| WORK INSTRUCTION |
Would you repeat exactly the part of the listing below that runs from the line containing "og åbne kontormiljøer." down to the line containing "Nachdem nun Streuneropa", inclusive, and nothing else?

| INPUT DATA |
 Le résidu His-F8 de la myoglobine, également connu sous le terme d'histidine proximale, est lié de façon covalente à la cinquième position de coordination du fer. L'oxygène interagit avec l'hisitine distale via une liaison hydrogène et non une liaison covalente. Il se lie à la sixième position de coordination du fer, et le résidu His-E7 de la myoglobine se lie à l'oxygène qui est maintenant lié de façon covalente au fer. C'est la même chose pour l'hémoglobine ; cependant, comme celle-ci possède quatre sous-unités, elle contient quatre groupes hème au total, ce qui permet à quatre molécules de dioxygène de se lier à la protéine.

--

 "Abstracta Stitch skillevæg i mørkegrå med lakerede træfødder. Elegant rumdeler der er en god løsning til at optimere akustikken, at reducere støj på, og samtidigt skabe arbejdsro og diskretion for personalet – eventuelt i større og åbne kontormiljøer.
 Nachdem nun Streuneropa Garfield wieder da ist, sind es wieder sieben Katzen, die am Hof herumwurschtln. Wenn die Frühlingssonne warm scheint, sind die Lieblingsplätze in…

| REPLY TO THE TASK |
 "Abstracta Stitch skillevæg i mørkegrå med lakerede træfødder. Elegant rumdeler der er en god løsning til at optimere akustikken, at reducere støj på, og samtidigt skabe arbejdsro og diskretion for personalet – eventuelt i større og åbne kontormiljøer.
 Nachdem nun Streuneropa Garfield wieder da ist, sind es wieder sieben Katzen, die am Hof herumwurschtln. Wenn die Frühlingssonne warm scheint, sind die Lieblingsplätze in…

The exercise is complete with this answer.